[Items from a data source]
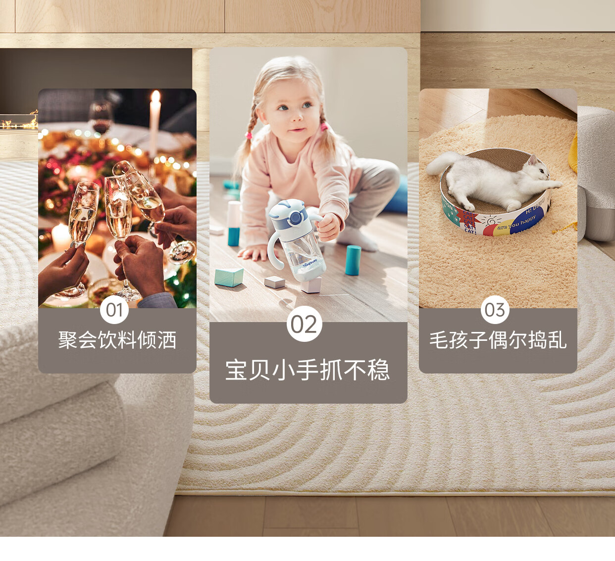 兴连心硅藻丝客厅地毯奶油风沙发茶几毯高级感防水防污免洗可擦卧室地垫 幽谷时痕 240*340cm
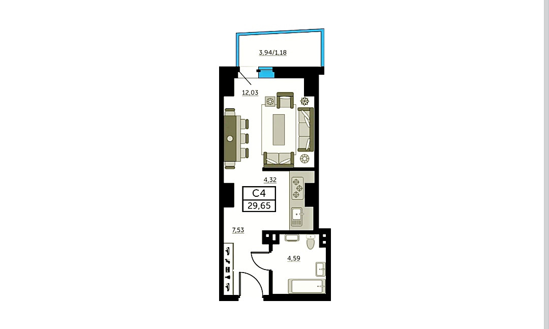 Общая площадь 30 м2
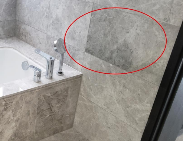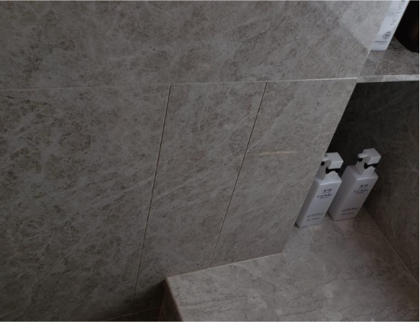 2)墙面石材色差明显
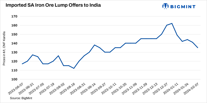 South African iron ore lump (Fe 64%) import offers fell by $6/t w-o-w to $135/t CNF Kandla on 7 Feb’24 following sluggish market sentiments in China. Indian buyers were expecting more $15/t drop in prices to import the lumps from South Africa. The benchmark Fe 62% fines index decreased by $9/t w-o-w to $126/t CFR China on 6 Feb amid the Lunar holidays.
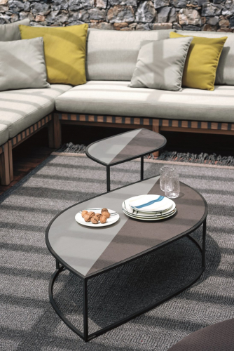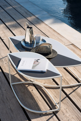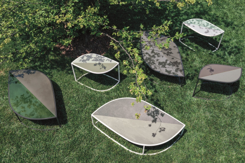 Leaf - это коллекция уличных кофейных столиков разных размеров, дополняющих друг друга и напоминающих листья, которые падают с деревьев и становятся прекрасными аксессуарами к садовой мебели. Столики можно комбинировать, создавая гармоничную игру столешниц двух высот и разных оттенков для "естественного вдохновения". Разнообразие цветов, доступных для столешниц из керамогранита, матового или глазурованного, позволяет использовать множество различных комбинаций, которые бросают вызов палитре тканей и отделок, предлагаемой RODA для наружного дизайна.
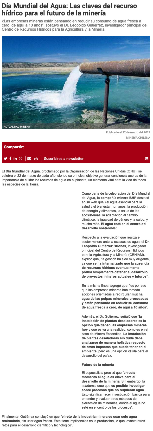 Día del Agua: Anglo American se compromete ante la ONU a no usar agua fresca en Los Bronces a 2030 - (biobiochile online)
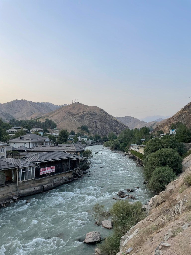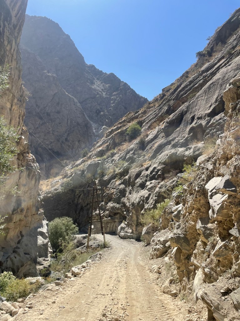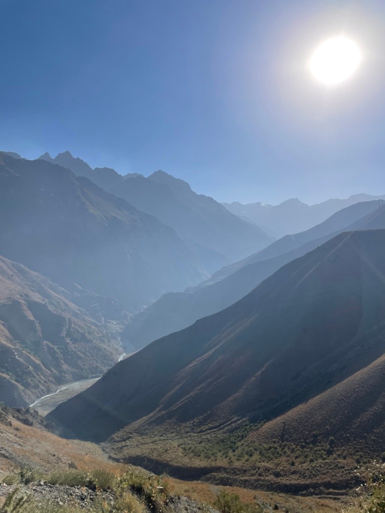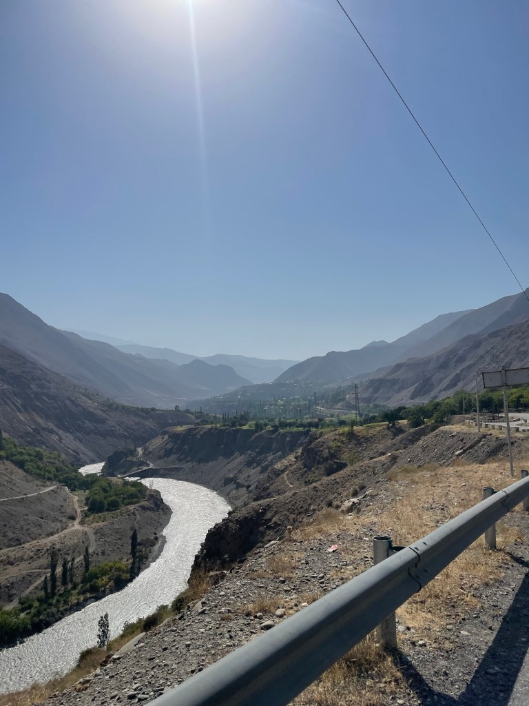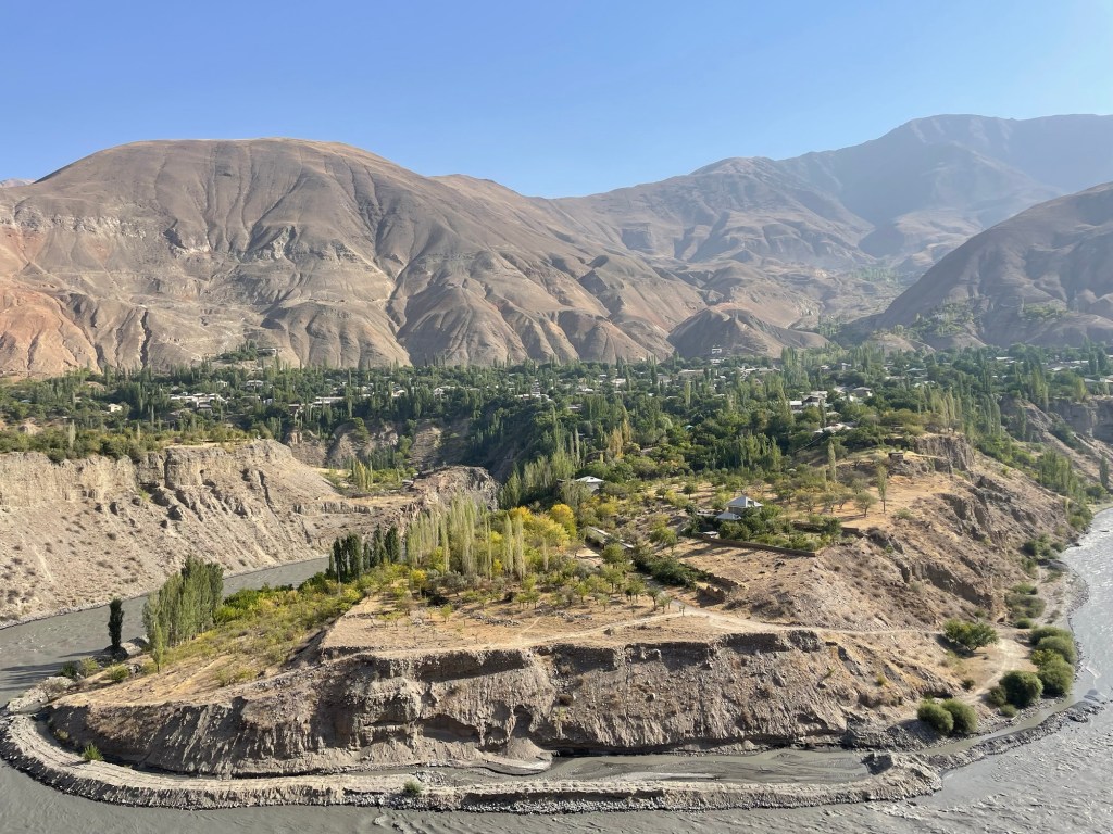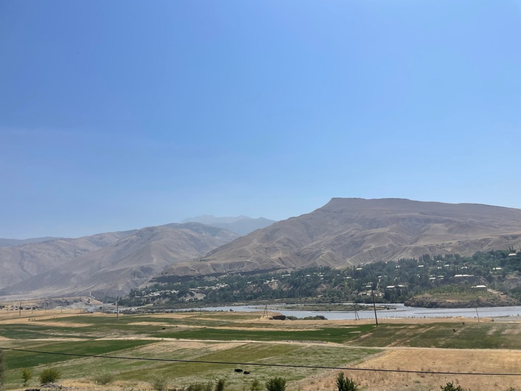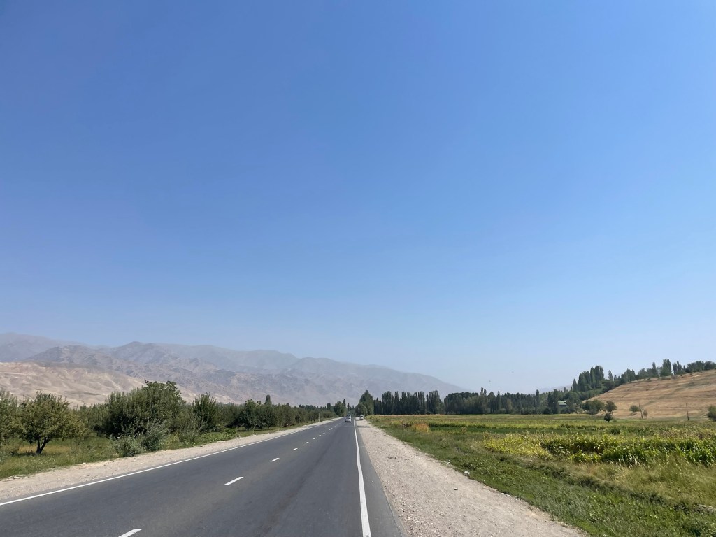 Het landschap verschilt erg van dat in Oezbekistan. Er is een grote verscheidenheid aan gewassen, waarvan vele klaarstaan voor de oogst, afgewisseld met boomgaarden, tussen bruine, kale bergen. Over straat wandelen Tadzjiekse dames in gewaden met kleurrijke patronen – opvallend vaak luipaardmotief – en steeds daaronder nog van hetzelfde laken een broek.
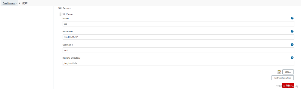 • 配置Jenkins的目标服务器,可以将yml文件传输到K8s的Master上
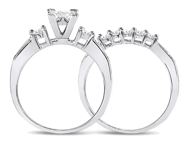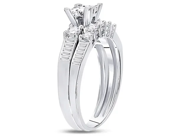 7/8 Carat (Color H-I, I1-I2) Princess Cut Diamond Engagement Ring Bridal Wedding Set in 10K White Gold
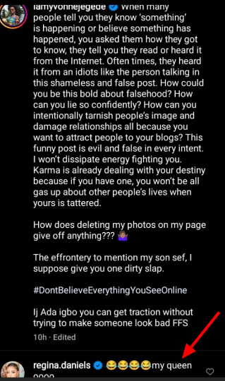 Apparently amused by the blogger’s allegation, Regina reacted in the comment section of her colleague, Yvonne Jegede’s post.
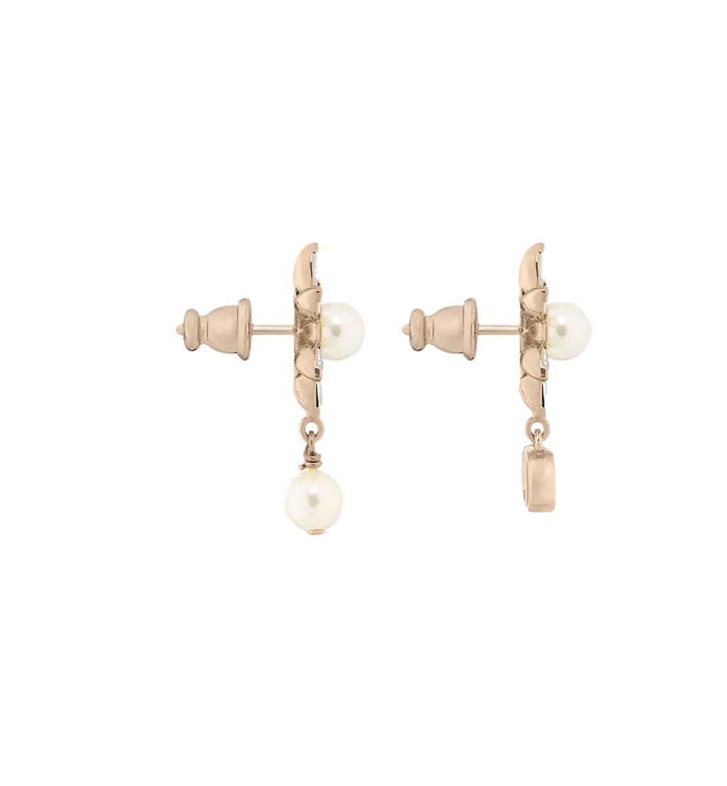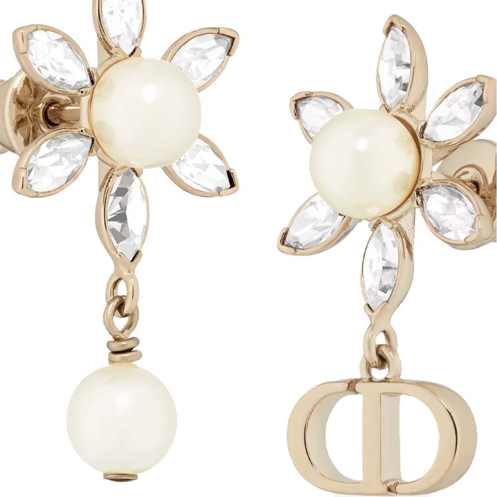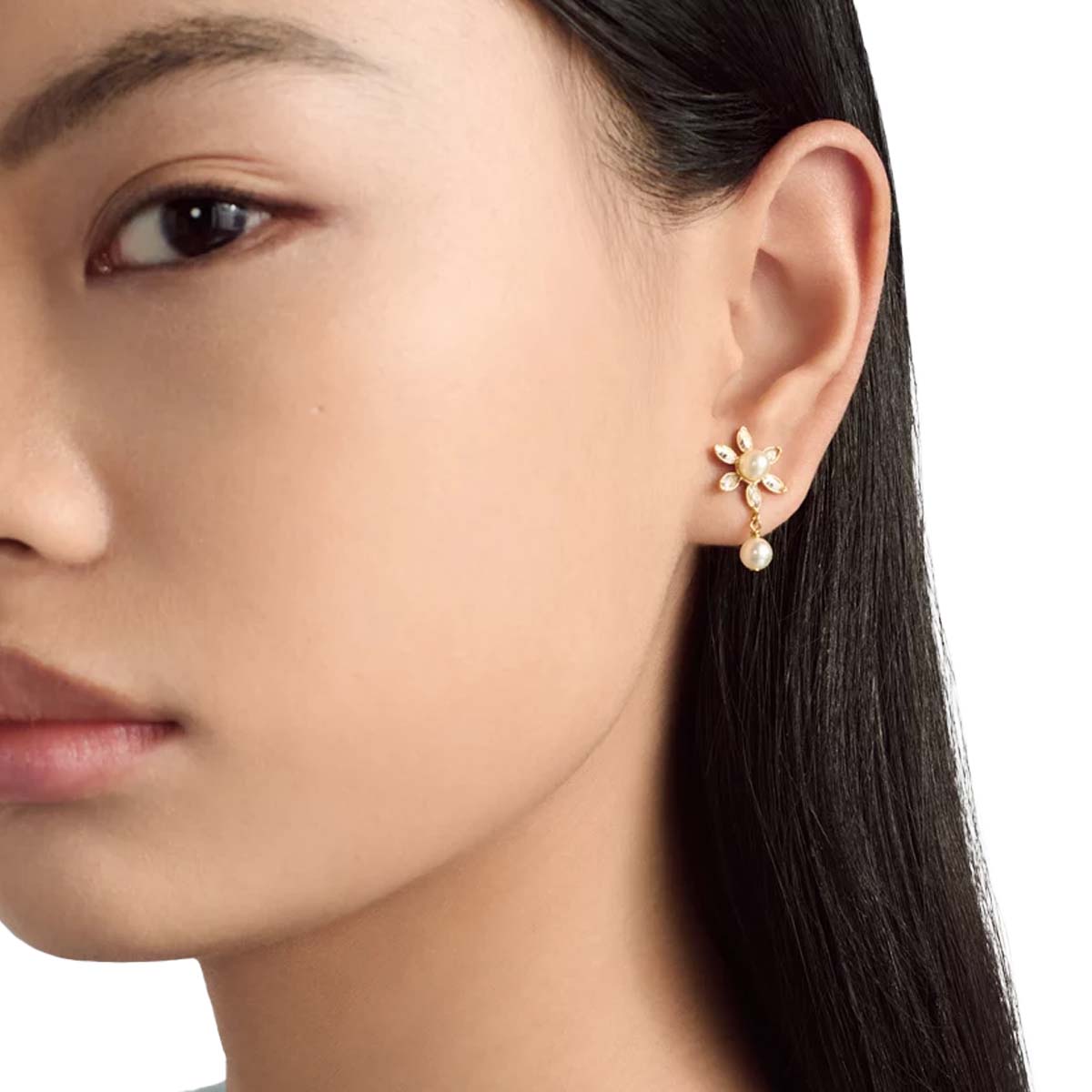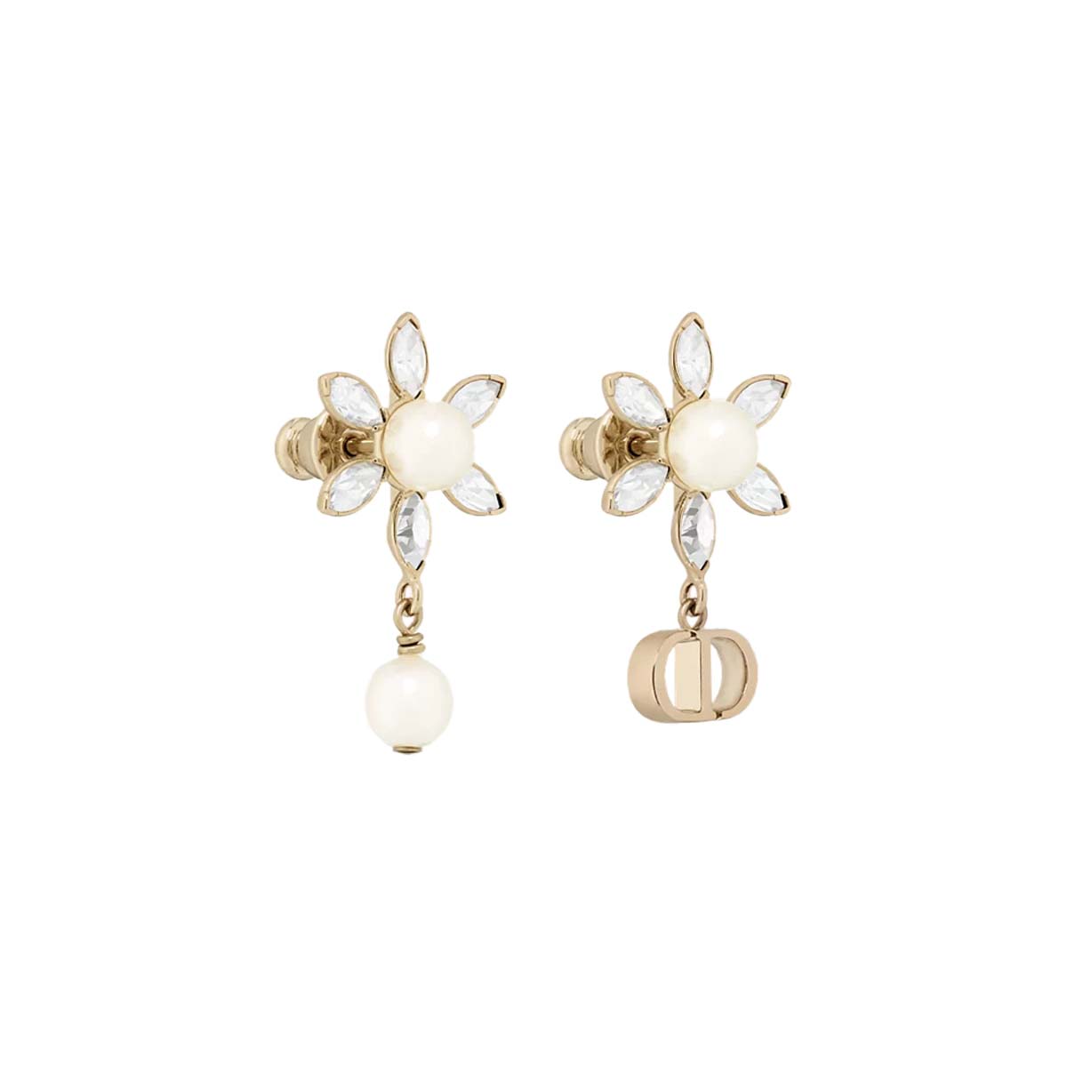 The Bloom in Dior earrings pay vibrant homage to Mr. Dior’s passion for flowers. Finely crafted in gold-finish metal, the asymmetric design features the CD signature on one side and a resin pearl on the other, both suspended from a delicate flower embellished with silver-tone marquise-cut crystals adorned with a white resin pearl at the center. The refined earrings can be combined with other Bloom in Dior creations.

EXERCISE DESCRIPTION: Print the records again exactly, pictures excluded.

SOLUTION FOR THIS TASK:
 兴连心硅藻丝客厅地毯奶油风沙发茶几毯高级感防水防污免洗可擦卧室地垫 幽谷时痕 240*340cm
 Общая площадь 30 м2
 2)墙面石材色差明显
 South African iron ore lump (Fe 64%) import offers fell by $6/t w-o-w to $135/t CNF Kandla on 7 Feb’24 following sluggish market sentiments in China. Indian buyers were expecting more $15/t drop in prices to import the lumps from South Africa. The benchmark Fe 62% fines index decreased by $9/t w-o-w to $126/t CFR China on 6 Feb amid the Lunar holidays.
 Leaf - это коллекция уличных кофейных столиков разных размеров, дополняющих друг друга и напоминающих листья, которые падают с деревьев и становятся прекрасными аксессуарами к садовой мебели. Столики можно комбинировать, создавая гармоничную игру столешниц двух высот и разных оттенков для "естественного вдохновения". Разнообразие цветов, доступных для столешниц из керамогранита, матового или глазурованного, позволяет использовать множество различных комбинаций, которые бросают вызов палитре тканей и отделок, предлагаемой RODA для наружного дизайна.
 Día del Agua: Anglo American se compromete ante la ONU a no usar agua fresca en Los Bronces a 2030 - (biobiochile online)
 Het landschap verschilt erg van dat in Oezbekistan. Er is een grote verscheidenheid aan gewassen, waarvan vele klaarstaan voor de oogst, afgewisseld met boomgaarden, tussen bruine, kale bergen. Over straat wandelen Tadzjiekse dames in gewaden met kleurrijke patronen – opvallend vaak luipaardmotief – en steeds daaronder nog van hetzelfde laken een broek.
 • 配置Jenkins的目标服务器,可以将yml文件传输到K8s的Master上
 7/8 Carat (Color H-I, I1-I2) Princess Cut Diamond Engagement Ring Bridal Wedding Set in 10K White Gold
 Apparently amused by the blogger’s allegation, Regina reacted in the comment section of her colleague, Yvonne Jegede’s post.
 The Bloom in Dior earrings pay vibrant homage to Mr. Dior’s passion for flowers. Finely crafted in gold-finish metal, the asymmetric design features the CD signature on one side and a resin pearl on the other, both suspended from a delicate flower embellished with silver-tone marquise-cut crystals adorned with a white resin pearl at the center. The refined earrings can be combined with other Bloom in Dior creations.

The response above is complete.